Weber Research Group ^{Ion Spectroscopy}

Highlights

Jesse C. Marcum and Sydney H. Kaufman, two graduate students in the Weber group, have characterized the photochemistry of the gold salt tetrachloroaurate, Au(III)Cl₄^-, and its dihydroxylated analog, Au(III)Cl₂(OH)₂^- in the gas phase. Gold salts are important species in a number of chemical areas.  In geochemistry, these gold salts represent ways of how gold is transported in water. Moreover (and perhaps more importantly), Au(III)Cl₄^- is the most important precursor for the production of gold nanoparticles and can be reacted to other gold salts replacing chlorine atoms by hydrody groups (OH)
(e.g. leading to Au(III)Cl₂(OH)₂^-) by decreasing the acidity of the solution. Metal nanoparticles hold enormous promise in applications ranging from drug delivery to new materials with unusual optical properties. Most of the current synthetic routes use wet chemistry to achieve nanoparticle formation. Photochemical approaches may offer additional control over the nanoparticle synthesis by choosing the best possible wavelengths and by achieving spatial control over where the reaction takes place in solution. In order to obtain information on the intrinsic properties of the salt and the influence of the solvent, it is important to characterize the photochemistry of the process both in solution and in vacuum (i.e. in the absence of solvent).

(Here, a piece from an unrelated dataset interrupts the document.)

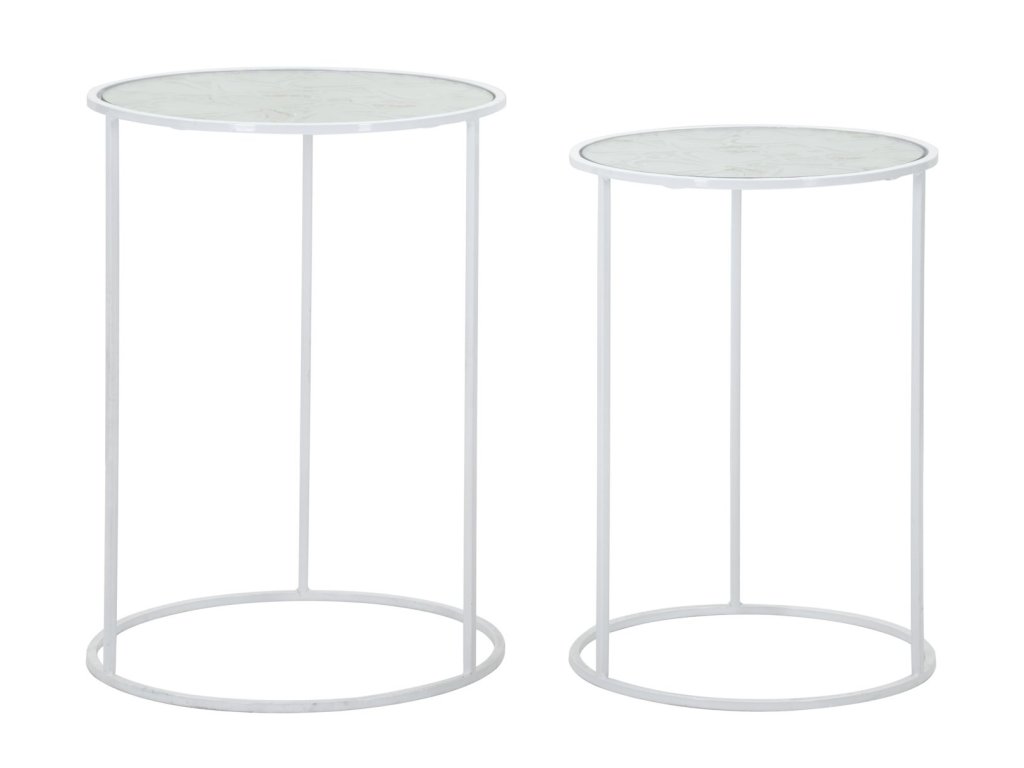 Luxusná sada dvoch stolíkov White Harts spája čistý moderný dizajn, praktickosť a nadčasový štýl v jednom elegantnom kúsku. Stolíky majú okrúhly tvar, bielu kovovú konštrukciu a sklenenú dosku s jemným dekoratívnym motívom, ktorý dodáva priestoru sofistikovaný a vzdušný vzhľad. Stolíky sú ideálne ako bočné stolíky, odkladacie plochy pre dekorácie alebo ako dizajnový prvok, ktorý ozvláštni obývačku, predsieň, spálňu či kanceláriu.
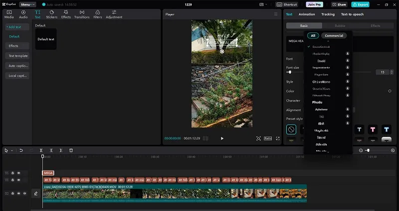 Alt mới: Sử dụng font chữ mới cài đặt trong giao diện ứng dụng chỉnh sửa video như CapCut

The Weber group has studied the photofragmentation of AuCl₄^- and Au(III)Cl₂(OH)₂^- in the absence of solvent. They found that the fragmentation of AuCl₄^- in vacuum is highly wavelength-specific. Wavelengths longer than 325 nm result at best in the loss of one chlorine atom, wavelengths shorter than 314 nm result in the loss of two chlorine atoms. the former process leaves behind AuCl₃^- as a product, while the latter process generates AuCl₂^-. Both are intermediates along the route to producing gold nanoparticles. Utilizing wavelength specific reactions may offer the prospect to tune the photochemistry of the salt by choosing the laser wavelength for the light employed in this process. At the same time, the new data show at which wavelengths AuCl₄^- absorbs ultraviolet light in vacuum. Comparing the absorption wavelengths from experiments under vacuum with those in solution may lead to similar control over the photochemistry of this gold salt in solution and therefore new routes to better control in the production of gold nanoparticles.

In addition, the researchers found that AuCl₄^- fragments by losing one or two ligands, while AuCl₂(OH)₂^- always loses two of the ligands. This may shed light on a little-used synthetic approach in this area, namely a combination of making the solution less acidic and using UV light to activate the gold salt used. This could lead to a new route in nanparticle synthesis.